Oleh. Amelia Al Izzah
(Kontributor NarasiPost.Com)
NarasiPost.Com-Baru-baru ini Zimbabwe menarik perhatian dunia. Zimbabwe meluncurkan mata uang baru yang menggunakan standar emas, mata uang tersebut diberi nama ZiG atau emas Zimbabwe. Pemerintah Zimbabwe mengambil langkah ini untuk mengurangi mata uang dolar Zimbabwe yang tidak stabil dan hiperinflasi di negaranya. Zimbabwe terus bergulat dengan kondisi ketidakstabilan moneter dan nilai tukar yang rendah. Selama bertahun-tahun Zimbabwe berjuang untuk melawan inflasi yang tinggi.
Mengganti mata uang dari dolar Zimbabwe menjadi ZiG, merupakan langkah mengatasi krisis ekonomi tersebut, karena uang kertas Zimbabwe dianggap tidak stabil. Pemerintah Zimbabwe berharap dengan digunakannya ZiG sebagai mata uang baru, mampu menopang kembali stabilitas harga dan nilai tukar, serta meningkatkan kepercayaan terhadap mata uang lokal. (CNNIndonesia.com, 01–09–2024)
Uang Kertas (Fiat Money) dan Inflasi
Uang kertas atau istilah ekonominya adalah fiat money, dikenal kisaran abad ke-20. Emas yang dulunya menjadi standar mata uang diganti dengan sistem kurs mengambang (flexible exchange rate) yang sama sekali tidak bersandar pada emas. Uang kertas kemudian menjadi pilihan sebagai alat pembayaran yang sah dan mendominasi perdagangan di berbagai negara. Pada akhirnya seluruh dunia saat ini menggunakan uang kertas dalam kegiatan ekonomi dan hal ini menimbulkan pengaruh terhadap pertumbuhan ekonomi. Pengaruh tersebut disebabkan karena uang kertas yang bahannya memang terbuat dari kertas memiliki bahan (intrinsik) sangat rendah dibanding dengan nilai yang tertera (nominal). Selain itu, uang kertas juga merupakan uang yang bahannya mudah didapat dan dicetak. Hal itu menimbulkan kekhawatiran, karena uang kertas gampang untuk dipalsukan atau dicetak dalam jumlah banyak.

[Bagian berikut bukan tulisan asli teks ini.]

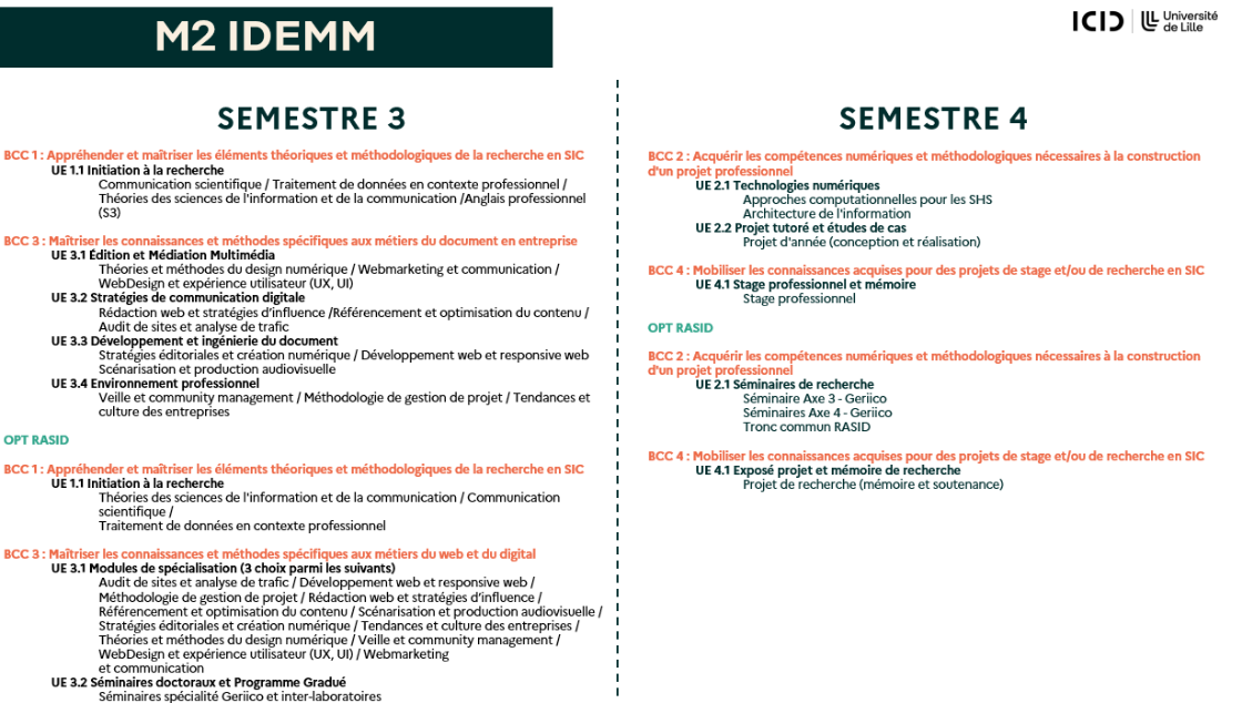 • Des enseignements liés aux recherches du laboratoire GERiiCO https: //geriico.univ-lille.fr et en lien constant avec le secteur professionnel : stages, interventions de professionnels, formation des salariés, projets tuteurés pour le compte d’entreprises ou d’organisations, etc.

Jika peredaran uang kertas di pasaran berlebih tanpa diimbangi dengan sektor riil (produktivitas), tentu hal itu akan menyebabkan terjadinya inflasi, yakni naiknya daya beli masyarakat terhadap suatu komoditi (barang atau jasa). Namun komoditi tersebut terbatas, sehingga harga komoditi tersebut menjadi naik dan terjadilah inflasi. Terjadinya inflasi pada negara-negara dengan mata uang kertas (fiat money), jelas menimbulkan pertanyaan. Apakah uang kertas tersebut memang merupakan penyebab inflasi? Karena jika ditelusuri dalam sejarahnya, mata uang yang ada hanya berbasis emas dan tidak pernah mengalami inflasi.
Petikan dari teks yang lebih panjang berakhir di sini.